Di sinilah, problemanya. Sekali lagi, kita dibuatnya heran. Kalau terkait dengan masalah tugas profesi, kerap kali mengajukan alasan sakit untuk meminta pengertian dan dispensasi kepada teman-teman, dan atau atasannya. Tetapi, kisah itu, tidak terjadi, atau jarang dimunculkan, bila ada kaitannya dengan kegiatan yang dia sukai.
Tempo hari, saat ada Hari Kemerdekaan Republik Indonesia. Warga Indonesia ramai merayakannya dengan ragam kegiatan olahraga tradisional, misalnya tarik tambang. Orang yang satu ini tidak, memaksa panitia dan teman-temannya untuk memaklumkannya supaya bisa ikutan. Alasannya, "hiburan, supaya hatinya ceria, dan tidak stress dengan sakit yang dideritanya..."
Belum lama ini, kalau tidak salah, di awal November kemarin. Saat teman-temannya, melakukan study tour atau studi tiru ke kawasan Jogjakarta. Dua atau tiga hari sebelumnya, baru cek ke dokter, dan memberikan surat sakit ke pihak kedinasan. Namun di hari itu, dia dengan semangat dan suka cita, melakukan perjalanan jauh dari Bandung ke Jogjakarta.
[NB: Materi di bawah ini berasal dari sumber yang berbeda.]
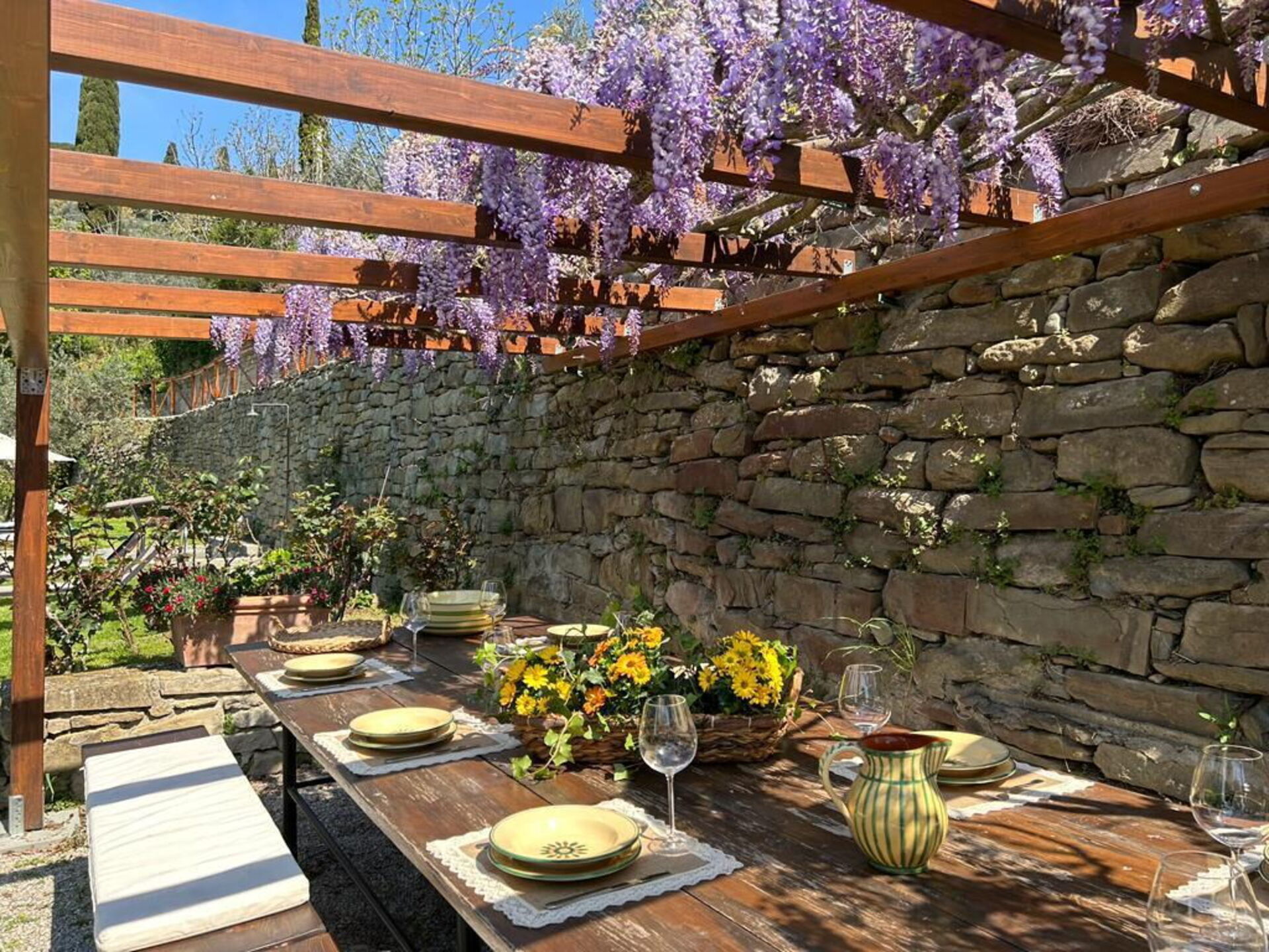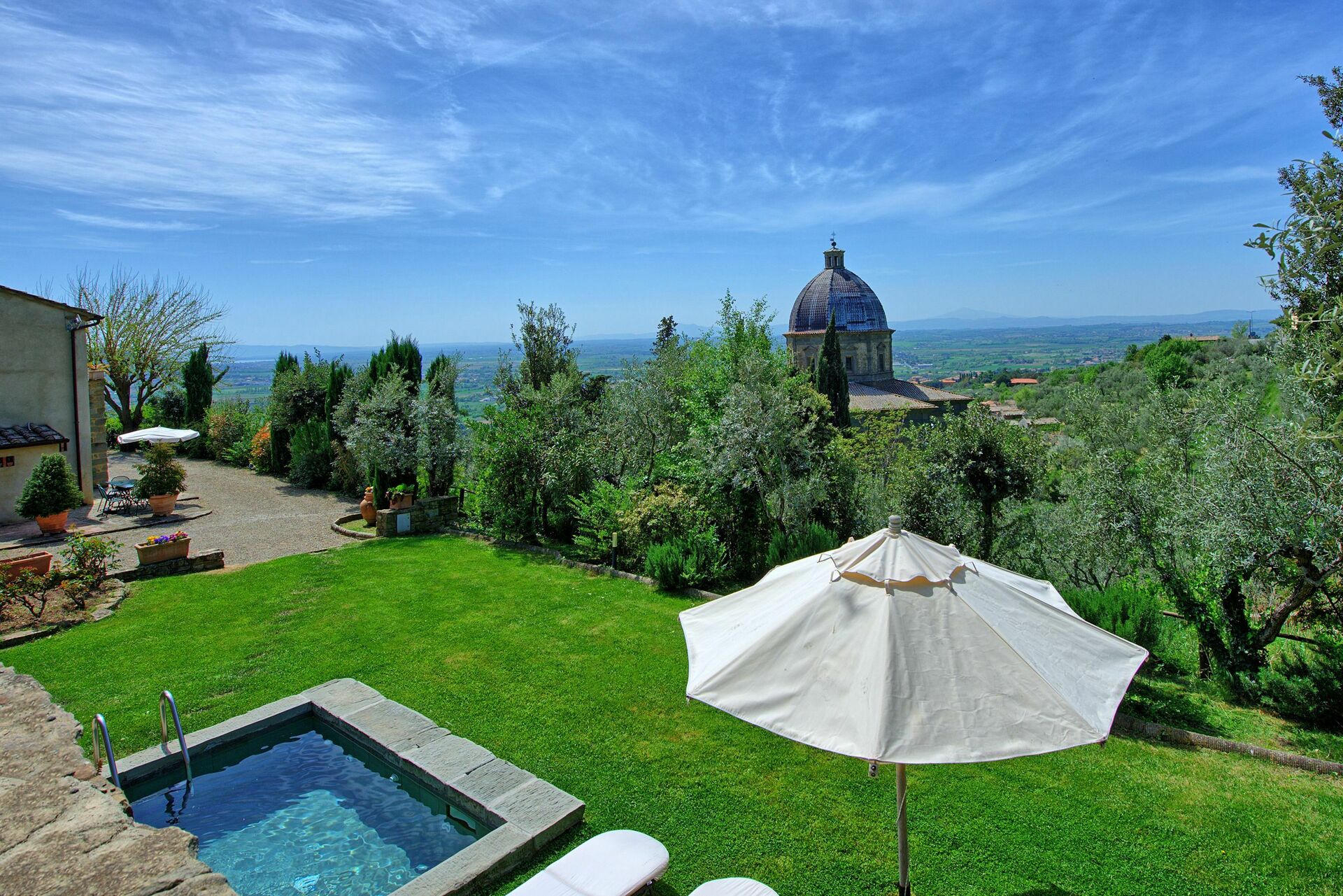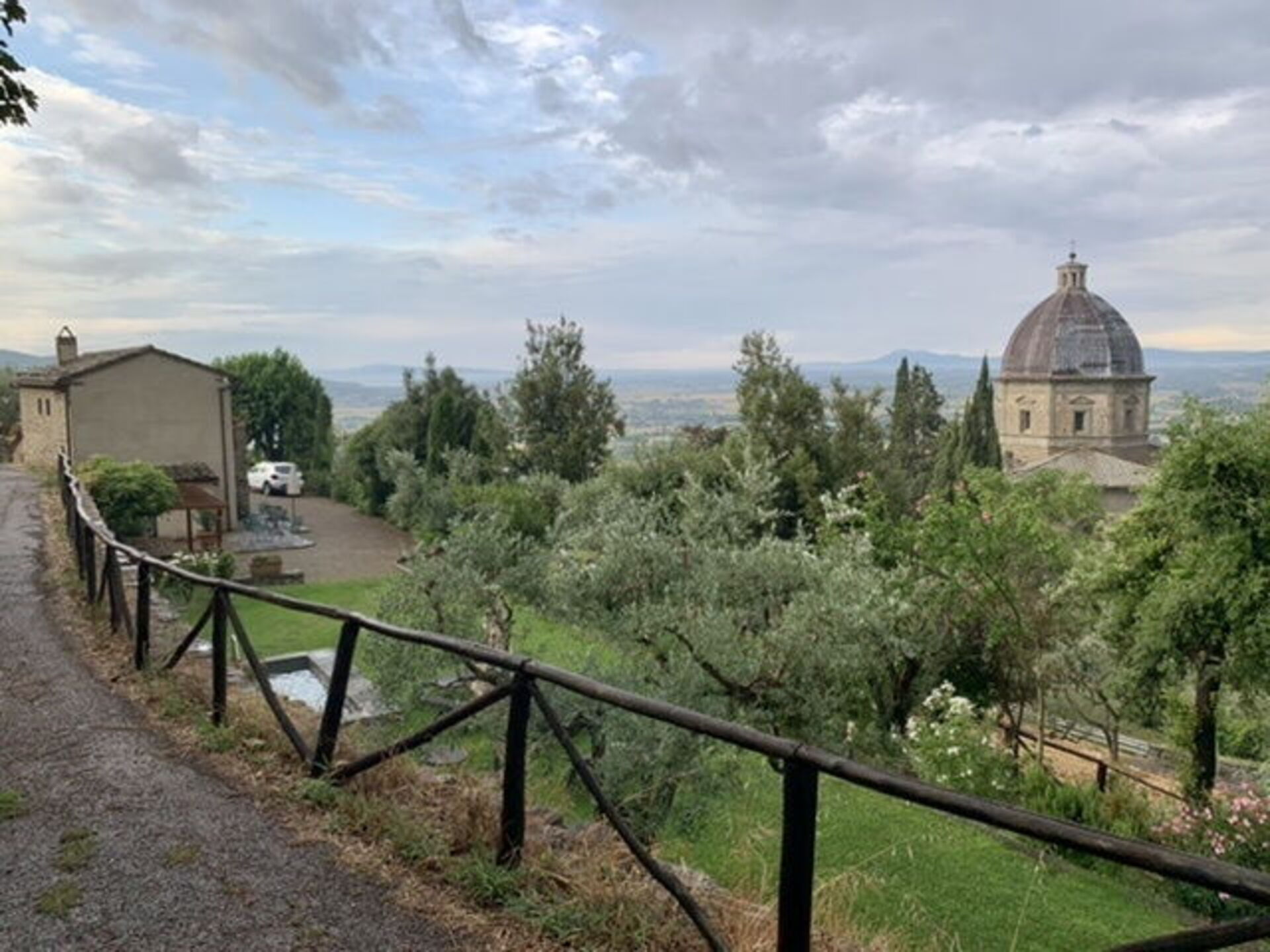 This villetta is perfect if you are looking to stay near a village with views of the countryside. There are olive groves that surround the property making it easy to go for a small walk nearby. The accommodations are typical and comfortable. The owner was very accommodating providing help when we needed it. The gardens are beautiful and the view from the property of the iconic church is unmatched. The sunrise and sunset from the villa are fabulous. The property is so close to Cortona that you can really feel a part of the community staying here with easy access to the village. Grocery stores are easily accessible as well down below the property in nearby Camucia. The villa was perfect for 4 people but could easily handle another 2 with one person sleeping on the couch. The single bedroom is much smaller than anticipated, but has a small sitting room near it that helps with space. The road in and out of the property is quite narrow and oncoming traffic can be hard to see. There are mirrors for exit, but you need to listen for traffic and it helps to have another person for another set of eyes. The stone walls on the side of the road to access the property are narrow and close as mentioned. Anything larger than a mid-size car would be too big. Overall, we had a fabulous stay here at Villa Calinaio. The views, classic old world rustic charm, and the gardens with pool make this a fantastic choice for a small group staying near Cortona.

Di perjalannya gimana ? sehat dan ceria. Semua orang berucap, "alhamdulillah.."
Tidak kalah menariknya lagi, hari ini, dengan sangat meyakinkan, sehari kemarin, masih ada berita, bahwa dirinya sakit dan masuk rumah sakit. Dari pemberitaannya sangat serius, karena diumumkan di grup media sosial kelompok kedinasan. Namun, apa yang terjadi kemudian ? ternyata, hari ini, dengan tegas menyatakan diri, bisa ikut wisata ke Pangandaran.
"waduh.. kok bisa..?" celetuk beberapa temannya yang lain, "gimana nanti di sana ? kenapa harus memaksakan diri ?" namun demikian, sejumlah pertanyaan dan kekhawatiran itu, kemudian dibantah oleh pengalaman rekan-rekan lainnya, yang turut menyaksikan keasyikannya di perjalanan ke Jogjakarta tempo hari.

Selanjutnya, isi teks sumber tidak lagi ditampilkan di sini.